Jaitley sees green shoots after demonetisation

Revenue up, says Finance Minister.

December 30, 2016 12:44 am | Updated 04:11 pm IST - New Delhi:

Arun Jaitley

Arun Jaitley

Finance Minister Arun Jaitley on Friday hit out at critics who had expected growth to plummet in the wake of the Centre’s decision to demonetise high-value currency notes on November 8. He cited an upward trend in revenue collections and green shoots in several sectors, such as life insurance, mutual funds, aviation, petroleum and agriculture, since then. 

“Of course, there would be areas which would be adversely impacted, but what was predicted by the critics has to have a rationale with the revenue collection. Assessment can be unreal but revenue is real,” Mr. Jaitley said, highlighting a 13.6 per cent rise in net direct tax collections till December 19.

“Already a large part of benefits of this historic move are visible. A lot more money has come into the banking system… the ability of the banks to lend has now increased,” the Finance Minister said, adding that the remonetisation process had substantially advanced and there was no unrest reported in the country. “What comes into the banking system gets identified with the person and therefore its impact on taxation and revenue collection is already being seen,” Mr. Jaitley said.“The indirect tax figures are also available and notwithstanding what the critics had predicted in all the categories till November 30 there is a significant increase in indirect taxation,” he said, citing a 26.2 per cent rise in central indirect taxes collection till November 30.

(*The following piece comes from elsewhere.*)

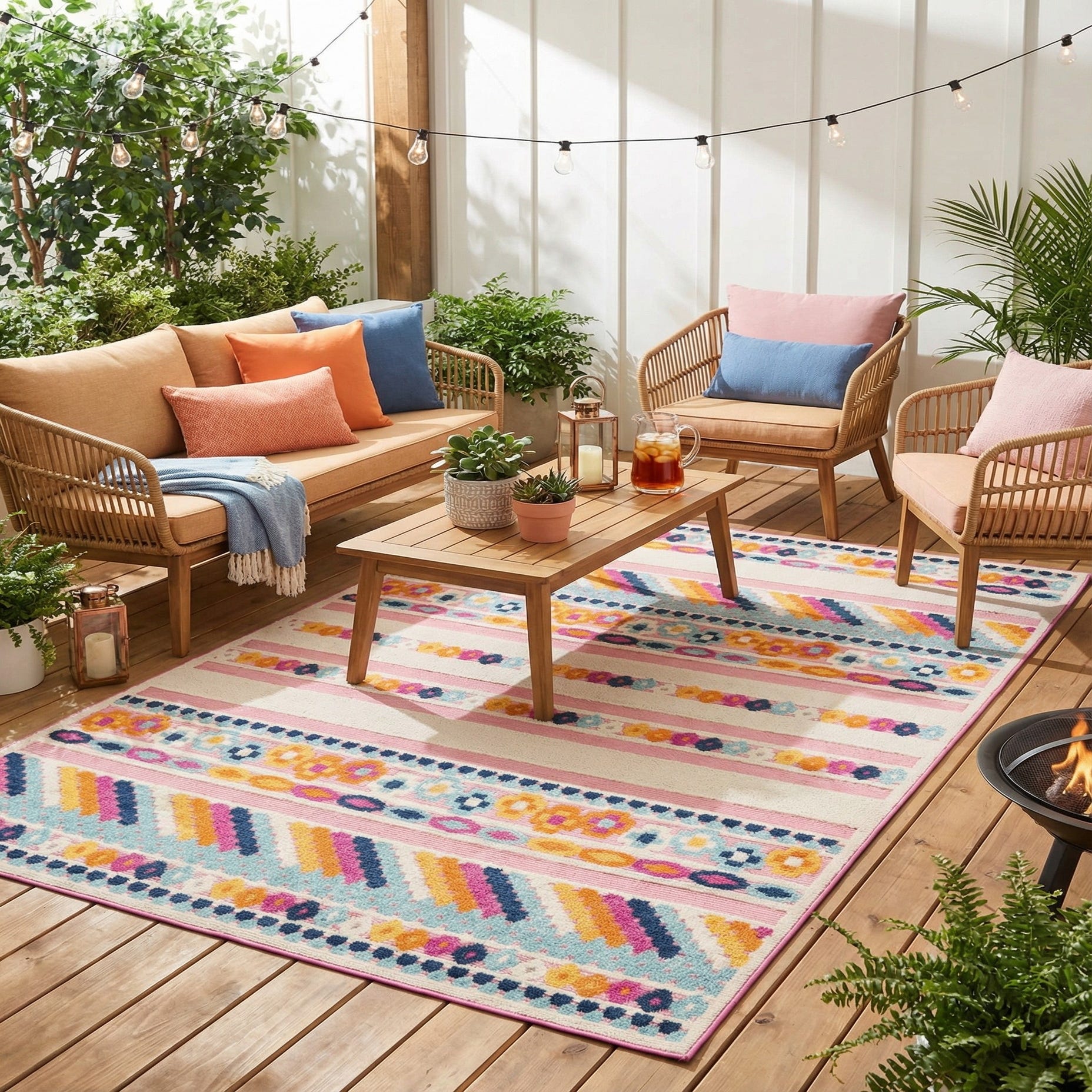 A 6x9 rectangular rug featuring bohemian stripes in pink, blue, orange, and yellow on a cream background, suitable for indoor or outdoor use.

As per official data on tax collections released on December 9, net direct taxes grew 15.12 per cent between April and November this year, compared with the same period last year. The growth of indirect tax collections between April and October was 26.7 per cent.

Overall crop sowing in the rabi season was up 6.3 per cent compared with last year, he said.

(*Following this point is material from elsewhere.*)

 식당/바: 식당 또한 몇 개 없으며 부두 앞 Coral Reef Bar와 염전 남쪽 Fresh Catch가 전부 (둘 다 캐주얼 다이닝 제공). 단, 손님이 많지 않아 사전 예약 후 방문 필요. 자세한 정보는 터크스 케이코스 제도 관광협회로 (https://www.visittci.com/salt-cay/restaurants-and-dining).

“Now the rabi crop sowing has been higher than last year, life insurance businesses have increased, international tourism has increased, air passenger traffic has increased, petroleum consumption has increased, the flow into mutual funds has increased by 11 per cent,” Mr. Jaitley said. Many of these indicators, when taken together with the fact that the critical part of remonetisation was “already behind us,” suggested that things “should certainly be much better in the weeks and months to come than it was in the last six weeks.”

The Reserve Bank of India had “very large amounts of currency available” and it would continue to support the market to the extent it needed liquidity, the Minister said. He said more ₹500 notes were also being released, so a lot of currency could be seen “coming into recirculation.”